Opis
Nazwisko głównego wykonawcy chyba niestety niewiele już dzisiaj komukolwiek mówi, a był to naprawdę znakomity fachowiec lokujący się stylistycznie gdzieś pomiędzy jazzem, beatem, twistem, czy surfem. Jeżeli ktoś interesuje się instrumentalnym beatem z przełomu lat 50. i 60., to porównanie jego gry z The Tornados, Bertem Weedonem, Duanem Eddym, a nawet Chetem Atkinsem, czy Les Paulem przychodzi samo na myśl.

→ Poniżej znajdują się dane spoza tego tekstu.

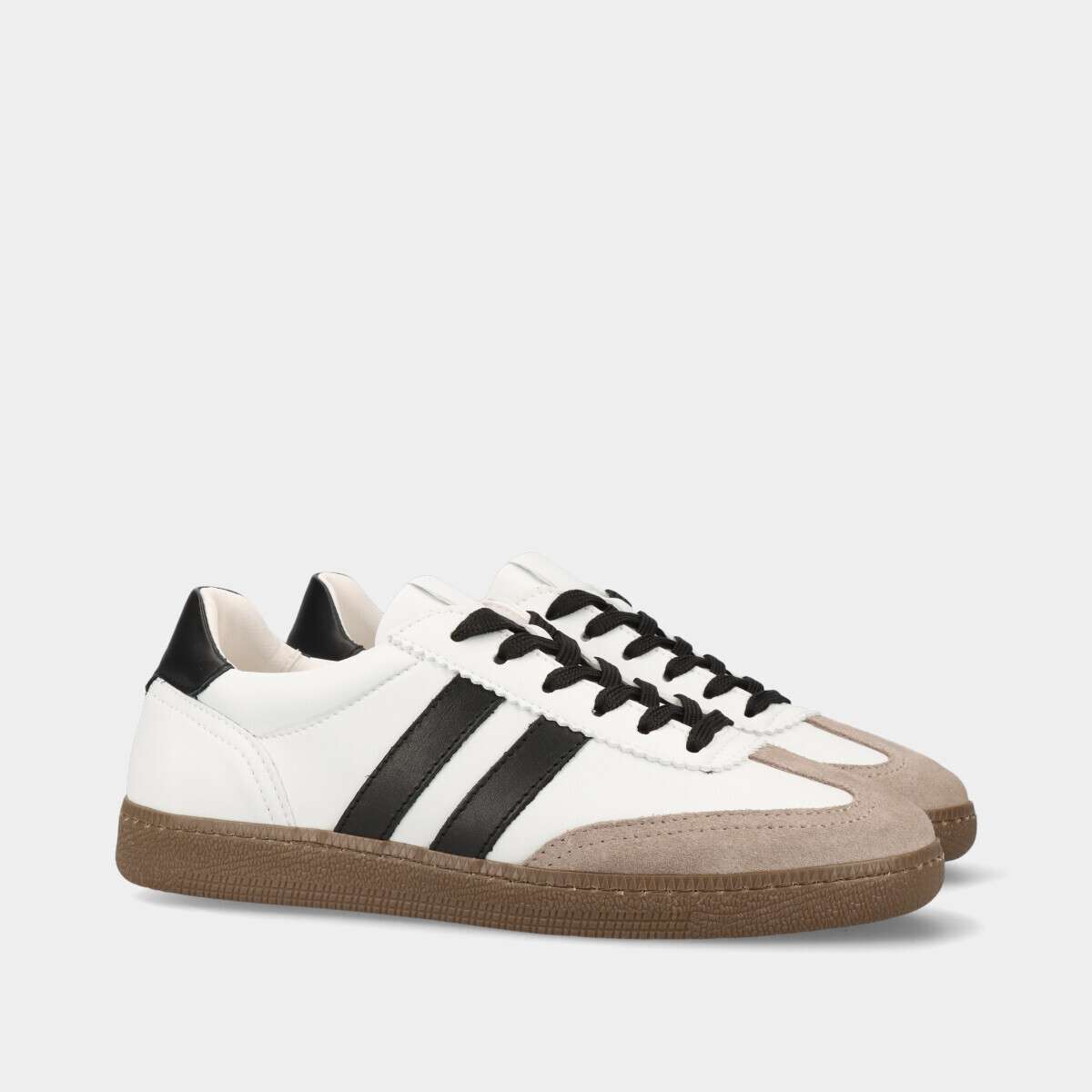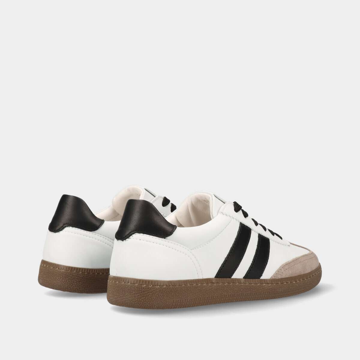 Sapatilha em pele com duas riscas laterais em contraste e palmilha removível.
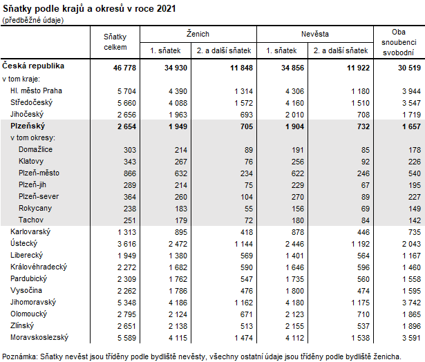 Rostoucí trend sňatečnosti zastavila v roce 2020 epidemie covid-19 a následně přijatá opatření. K opětovnému nárůstu počtu sňatků v Plzeňském kraji došlo až v roce 2021. Téměř jednu třetinu nově uzavřených svazků tvořily ty, ve kterých minimálně jeden z novomanželů vstoupil do druhého či dalšího manželství. Počet rozvodů v kraji byl druhý nejnižší od roku 2000. Více jak polovina z nich byla ukončena na základě společného návrhu a nejvíce manželství mělo v době rozvodu jedno nezletilé dítě.
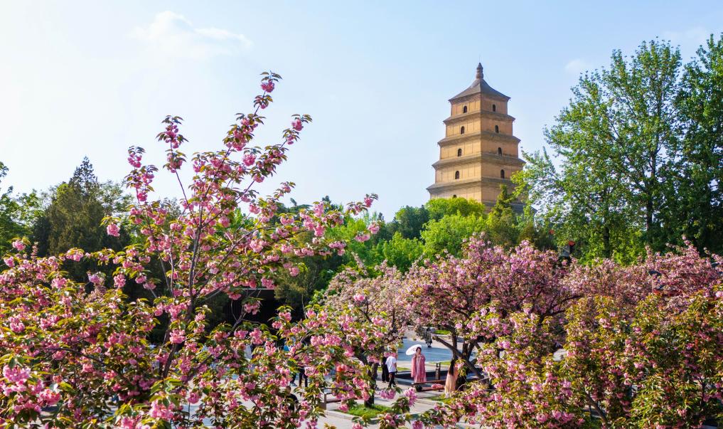 游客在西安大雁塔下游览。新华社记者 邹竞一 摄
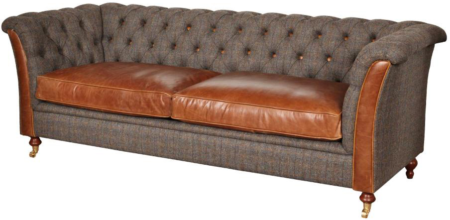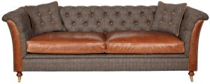 Granby 3 Seat Sofa in Moreland Harris Tweed Fabric and Leather
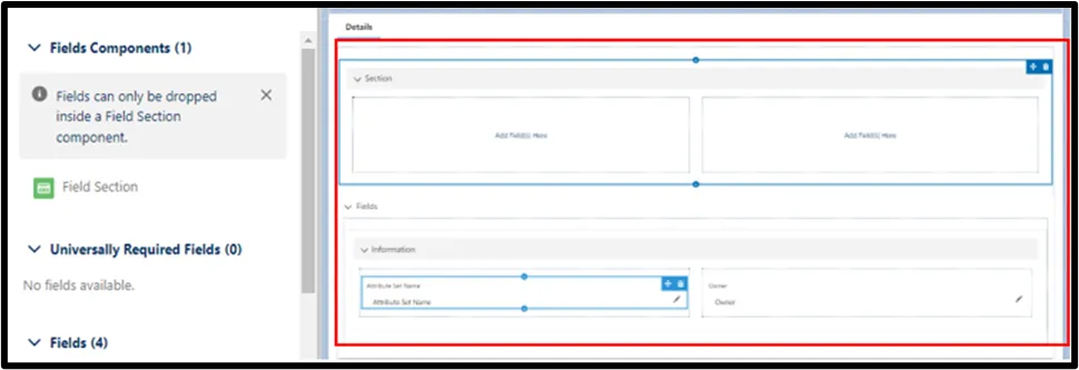 6. You will now see new functionality in Lightning App Builder. There are two new standard Lightning components called "Field Section" and "Field Components" under the Fields tab of the component palette. You can add a "Section" field to the page and select which fields go there.
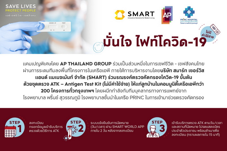 เอพี ไทยแลนด์ กรุ๊ป ภายใต้พันธกิจ ‘EMPOWER LIVING’ นำโดย (กลาง) นางสาวทิพวรรณ ศิริคูณ ผู้ช่วยกรรมการผู้อำนวยการ สายงานทรัพยากรบุคคล เปิดตัวแคมเปญพิเศษ ‘มั่นใจ ไฟท์โควิด-19’ สานต่อพลังร่วมเซฟชีวิตเซฟสังคมต่อเนื่อง ผ่านการระดมทีมลงพื้นที่โครงการในเครือเอพี ภายใต้การบริหารงานโดยบริษัท สมาร์ท เซอร์วิส แอนด์ แมเนจเม้นท์ จำกัด (SMART) ร่วมรณรงค์ตรวจคัดกรองโควิด-19 ขั้นต้นด้วยชุดตรวจ ATK – Antigen Test Kit ให้แก่ลูกบ้านในคอมมูนิตี้เครือเอพีกว่า 200 โครงการทั่วกรุงเทพฯ (ไม่มีค่าใช้จ่าย) โดยผนึกกำลังกับทีมบุคลากร ทางการแพทย์จากโรงพยาบาล พริ้นซ์ สุวรรณภูมิ โรงพยาบาลชั้นนำในเครือ PRINC ในการเข้ามาช่วย  ตรวจคัดกรอง เพื่อมุ่งหวังเป็นส่วนหนึ่งในการร่วมแบ่งเบาสถานการณ์การแพร่ระบาดโควิด-19 ของประเทศ พร้อมทั้งเสริมสร้างความมั่นใจและความอุ่นใจในการอยู่อาศัยในเอพีคอมมูนิตี้นี้ไปด้วยกัน นำร่อง 4 โครงการแรกที่ LIFE ลาดพร้าว, Aspire อโศก – รัชดา, บ้านกลางเมือง สวนหลวง และ Pleno พหลโยธิน – วัชรพล (ถ่ายภาพ ณ  โครงการ LIFE ลาดพร้าว)
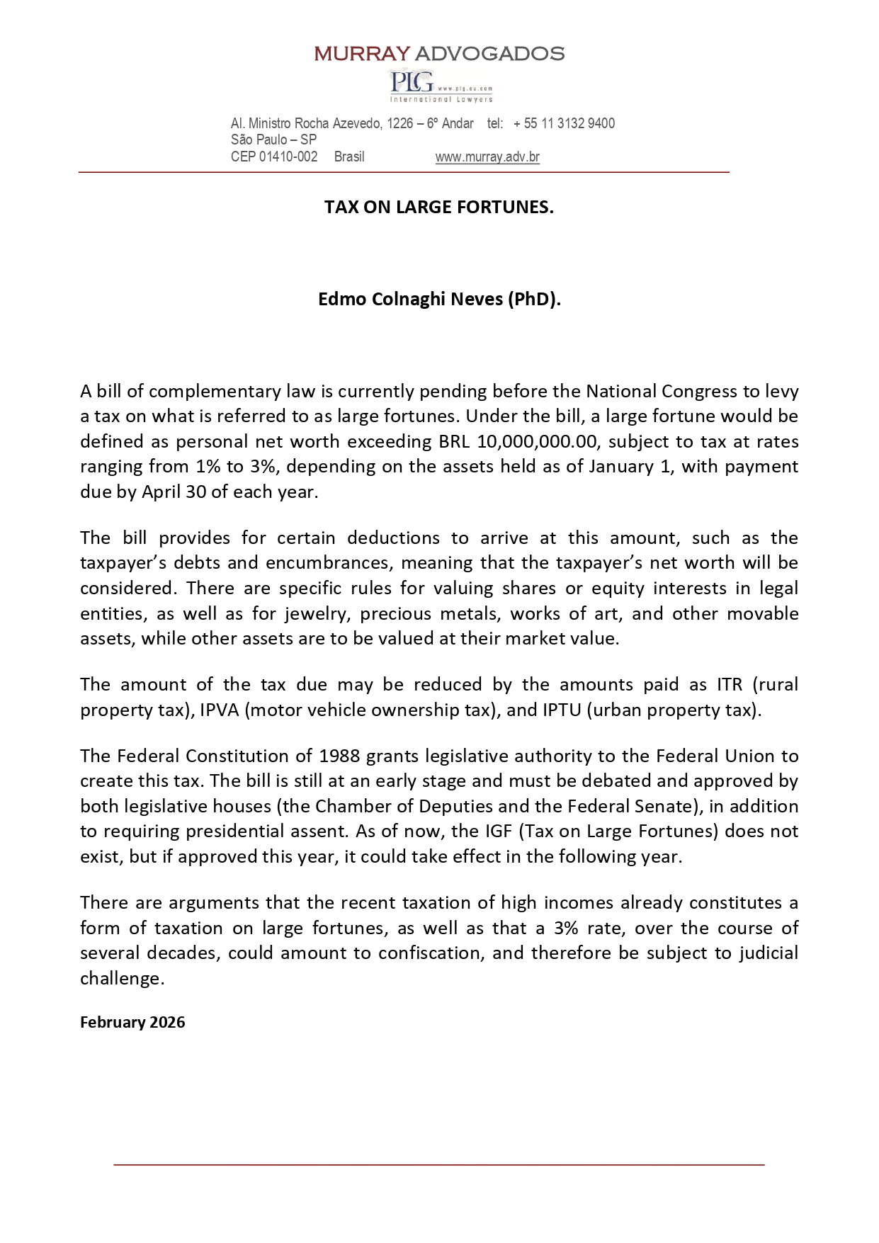 TAX ON LARGE FORTUNES
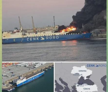 当时该货船停靠在了位于敖德萨州的切尔诺莫斯克港,运营商表示,这艘名为“CENK T”的滚装船,当天到岸不久就遭遇到了导弹和无人机的袭击,并因此起火。
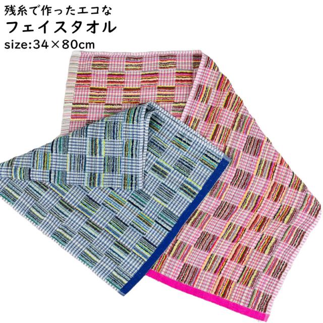 残糸 フェイス タオル 34×800cm エコ 綿100% タオル 吸水 速乾 スタンダード 普段使い まとめ買い シンプル コットン 新生活 買い替え やわらか ふわふわ おしゃれ
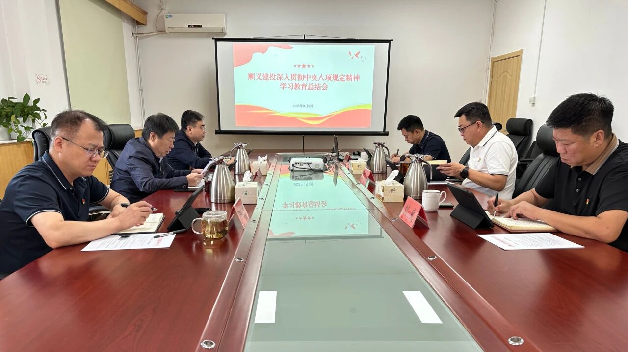 2025年9月22日,順義建投召開黨委會議,集中學習習近平總書記重要指示、中央以及市區層面學習教育總結會議精神,全面總結全公司深入貫徹中央八項規定精神學習教育開展情況,研究部署鞏固拓展學習教育成果,鍥而不舍落實中央八項規定精神,推進作風建設常態化長效化工作。公司黨委書記、董事長宋學農同志主持會議并作總結講話。
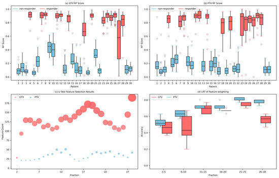 Random forest model yielded AUCs of 0.98 (95% CI [0.97, 0.99]) and 0.9867 (95% CI [0.969, 1.0]), respectively, for GTV and PTV regions through LOOCV in 27 experiments. Figure 3a,b are the box plots of RF scores in 27 experiments for the GTV and PTV regions, respectively. The red box are responders, and the blue box are non-responders. Significant differences were observed in RF scores among responders and non-responders. Figure 3c visualizes the number of features retained after the U-test. Figure 3d illustrates the trend of the accuracy rate change with the increase in the number of treatments with every five treatments used as a group statistically. Before the 15th fraction, the accuracy increases with increasing fractions, after the 15th fraction, the predictive accuracies becomes more stable. Although the GTV regions preserve more features than the PTV regions, the overall accuracy of the GTV area is lower than that of the PTV area, as it can be seen from Figure 3d.

W epoce nagrania Kefurta znalazły się na kilku singlach, EP-kach i kompilacjach Supraphonu, ale muzyk nigdy nie doczekał się płyty długogrającej. Pomimo iż był o pokolenie starszy od takich gitarzystów jak chociażby Hank Marvin, z zamiłowaniem eksperymentował z brzmieniem swojego instrumentu oraz wszelkimi efektami dźwiękowymi. Po emigracji z rodzimej Czechosłowacji pod koniec lat 60., działał głównie w Niemczech Wschodnich i Zachodnich, dokonując licznych nagrań dla tamtejszych radiostacji, które – w co trudno uwierzyć – trafiają na płytę dopiero teraz.
Gwarantujemy że nikt kto lubi profesjonalnie wykonaną muzykę gitarową z tamtego okresu nie będzie tym albumem zwiedziony.